In my childhood this phrase was so frequently used that my parents never even said the last six words aloud. Who needed to? Everybody knew the drill. If you weren’t smiling and brimming with good cheer than you could just take your sorry sad sack self somewhere else. No room for that here.
Long before Yogi came along I knew that wasn’t the tone I wanted to set for my own family. Unfortunately there is a huge distance between knowing what you don’t want to do and understanding the how of doing something different. I didn’t enter parenthood entirely ignorant of how to handle myself with others, I had managed to pick up a few lessons from close relationships and therapy, but I still had almost 20 years of day in, day out training in the art of being Just Fine, Thank You. This is high, high art in my family.
Being Just Fine, Thank You centers on always being pleasant with others and admitting sadness or vulnerability to no one. You handle those kinds of things on your own.
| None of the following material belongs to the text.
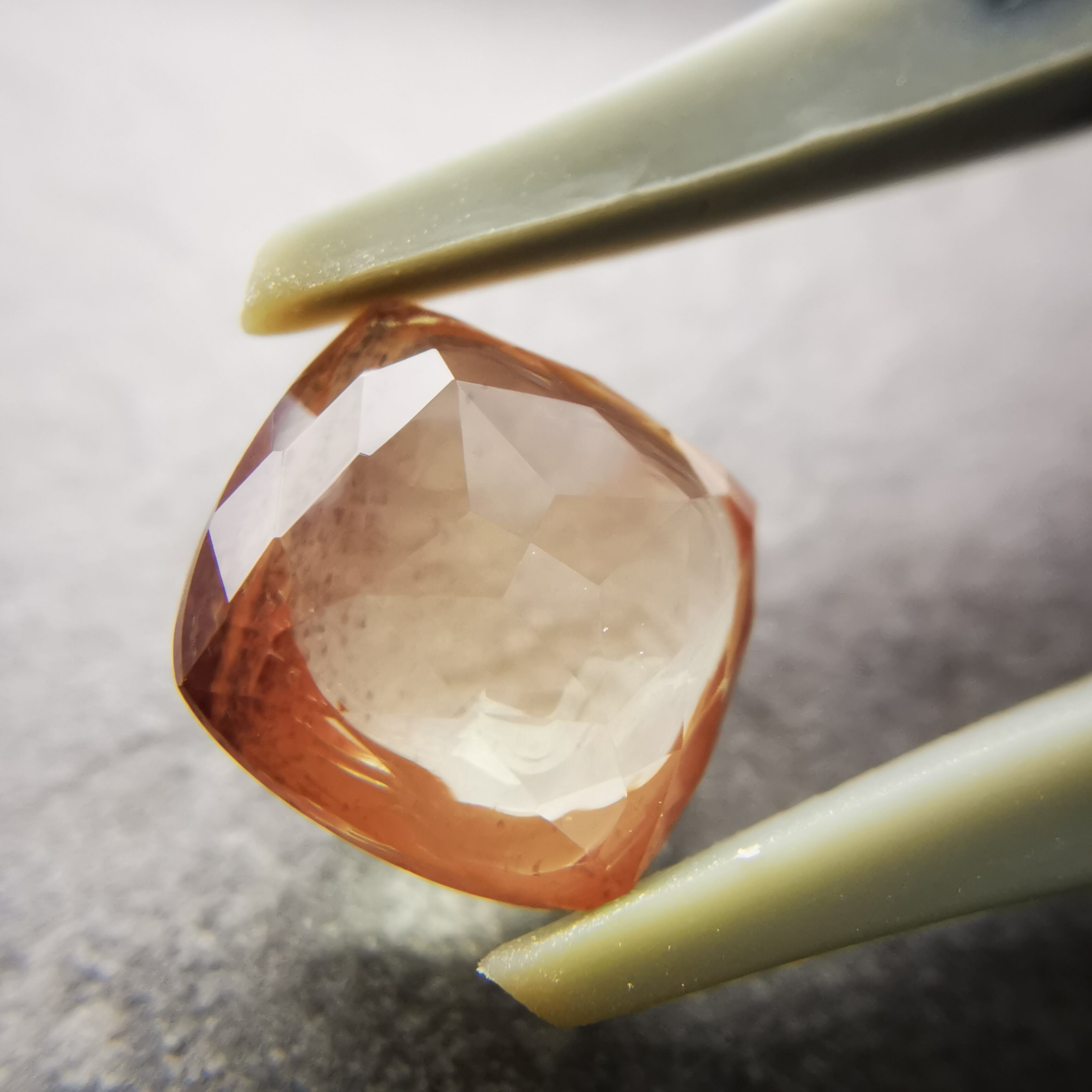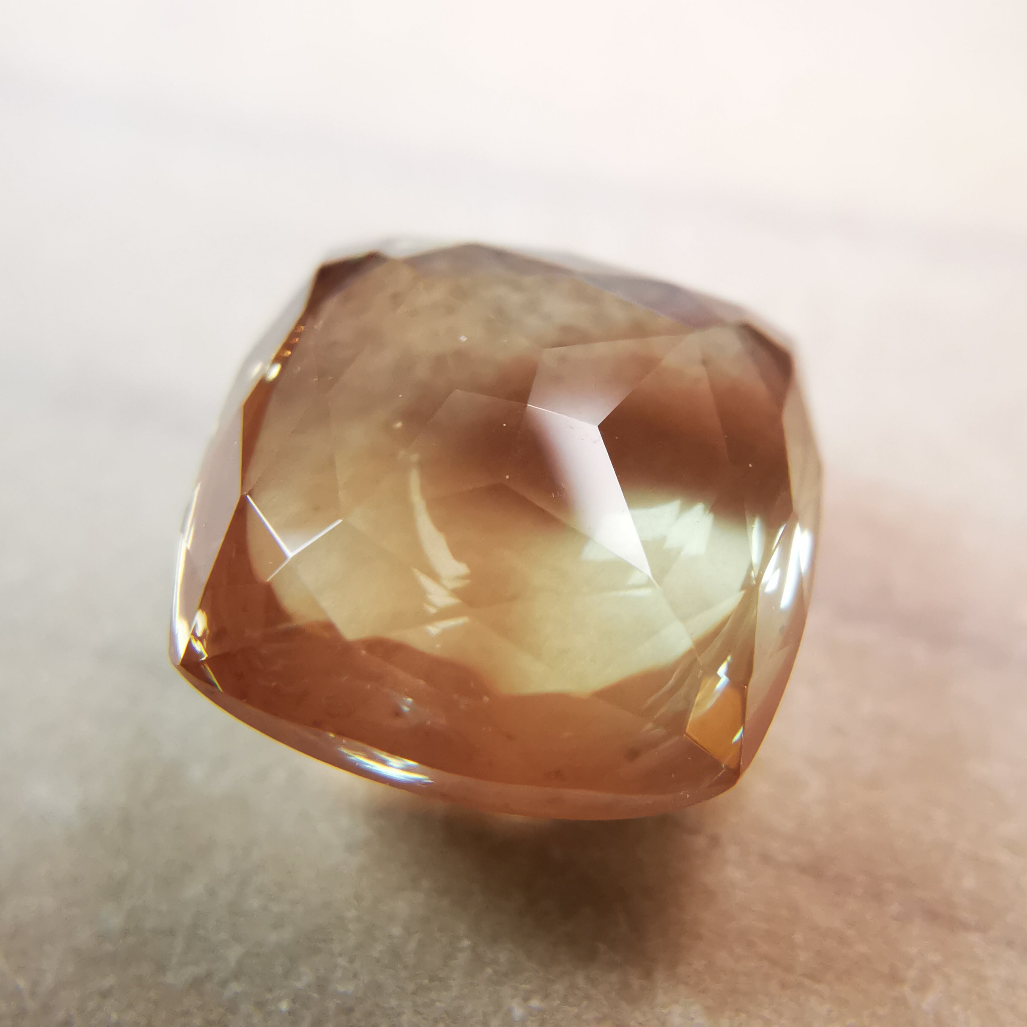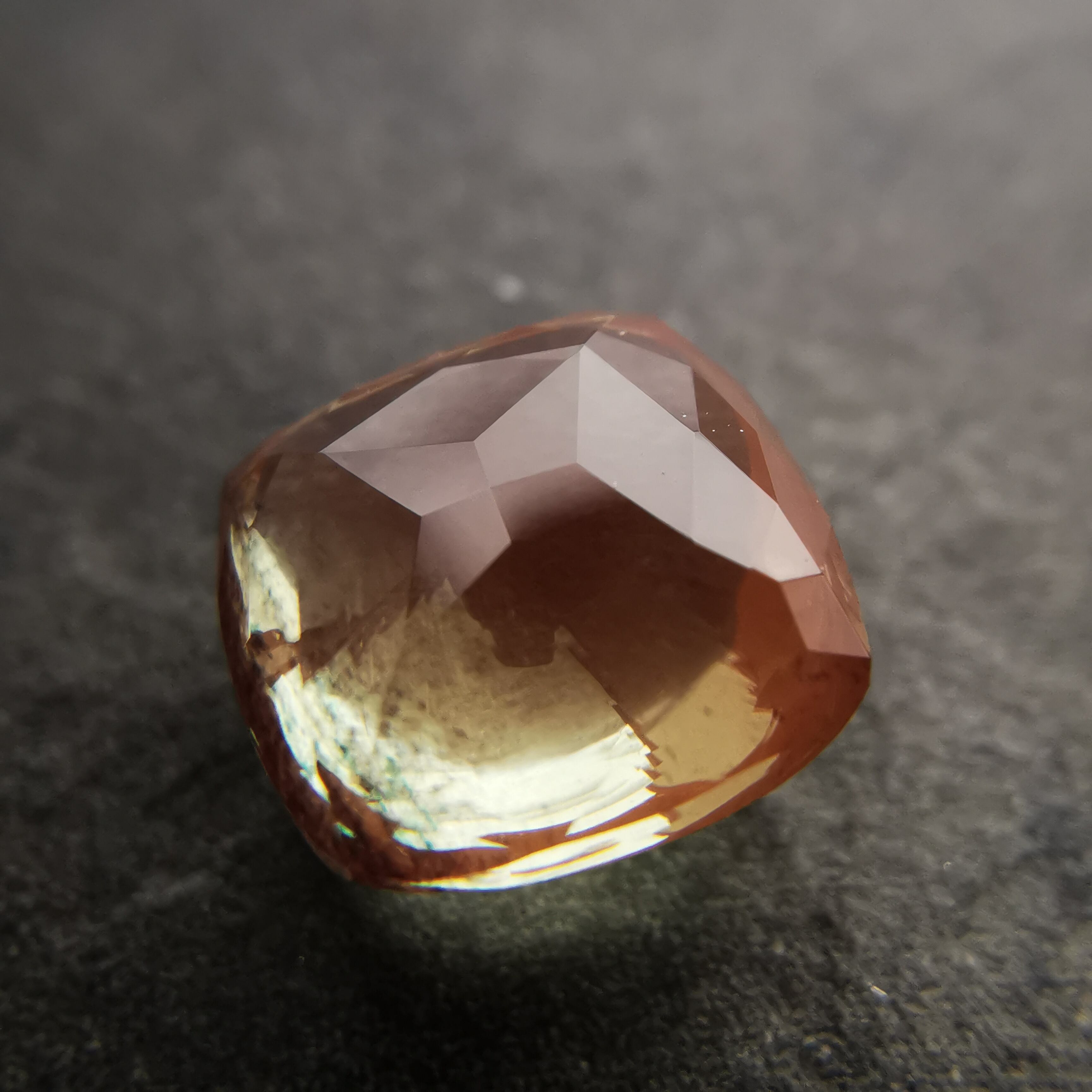 やわらかい黄赤/アプリコット色の端の方に、ダークなグリーンがシュワっとしぶきのように入ったラブラドライトです。

Clearly this is a ridiculous altar to kneel at, but those early voices are impossible to un-hear.
All the book reading in the world could not have prepared me for the emotional wild west of toddlerhood. I thought I knew what to expect. I had read that all of this* was entirely normal. And then it became my life. Spending every waking moment with a two-year old is like a crash course in Freudian personality theory. Well, it’s an excellent characterization of one part of the theory at least. It’s all Id, all the time. Of course this is all as it should be, but when you have a gut level belief (despite years of dismantling) that it’s not really OK to be mad (or sad or disappointed or unhappy, you get the idea) than that little Id on two legs is a bomb in the middle of your world.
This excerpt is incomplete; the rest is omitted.